There was an interesting discussion about how first-time parents aren't prepared for how difficult the first few weeks and months of motherhood are and that people only seem to be prepared for the birth. I agree! At my very first antenatal class the woman leading it said at the very beginning, "Over to you - what do you want to know?". How the hell should I know? You're the bloody expert! We've paid nearly 200 quid for this crap. Next thing I thought she would have us mind-mapping or text-highlighting or something.

The discussion was mediated by Jane Garvey and was contributed to by a midwife who had recently had a child and was a first-time mother too. Interestingly, it was the midwife who was the most negative out of the two about the experiences of early parenthood referring to it as 'awful' and believing that people only want to congratulate you and the elation of pregnancy rather than saying, 'Actually, it's flaming hard". Words like "inadequate" "and "lack of confidence" were thrown out during the debate as WH had done a poll which I always find reassuring as there is a sense of camaraderie with other parents.
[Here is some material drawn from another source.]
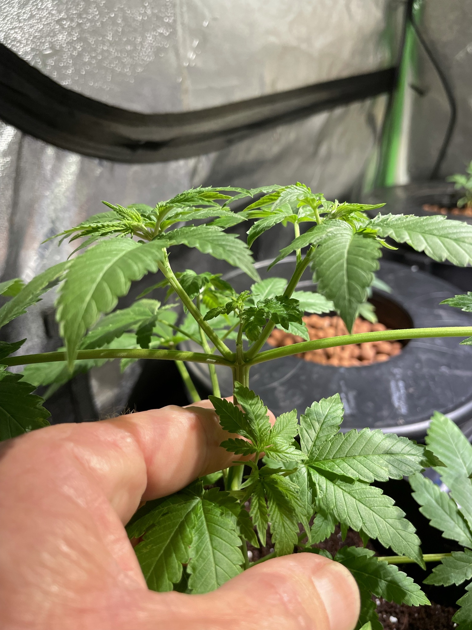 Week 4 of veg and all six Tangies in hydro continue to bounce back. I've still had to scour and strain out crap yesterday at feeding and today I went a bit deeper today, cleaning the airstones and pump filter once again before another peroxide treatment. I've topped the two in coco, and it looks like I accidentally fimmed the Kosher Kush and almost did the same to the Tangie. KK has four tops now and Tangie has three! KK has bamboo stakes to tie the tops to once they grow out enough and Tangie will get the same soon.
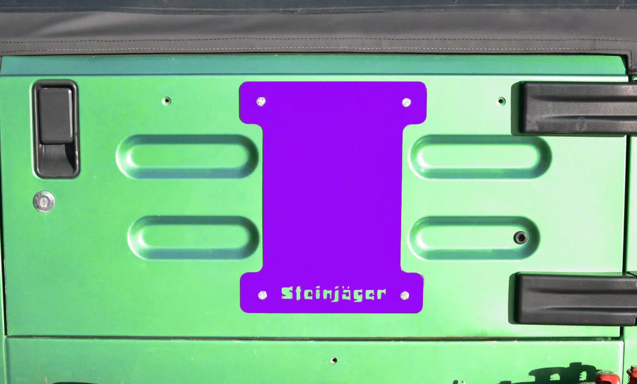 Reliable Shield. Steinjager utilized durable 1/8-inch steel plate for its Sinbad Purple Spare Tire Carrier Delete Plate. This tailgate cover was finished with powder coating for extra protection from trail hazards.

They also discussed the very British-way of saying "Everything is ok" when really you should ask for help after family and close friends have left, and your partner goes back to work,  after the first couple of weeks.

It was the first-time mother who was reassuring and life-affirming and got the first-time mother midwife to acquiesce to the fact that it isn't "awful", it's just difficult and more ante-natal advice and post-natal support is needed for all parents.

The first-time mum also expressed how this difficult time is parallel with being the best time and that what seems like a life-time of feeding and changing nappies, whilst mustering enough energy to get out of your pyjamas by 4pm, soon passes.

It goes so fast. The next thing you know they are jumping all over you whilst you are trying to get better screaming, "I like Jesse from Toy Story 2 - Yee Hah!".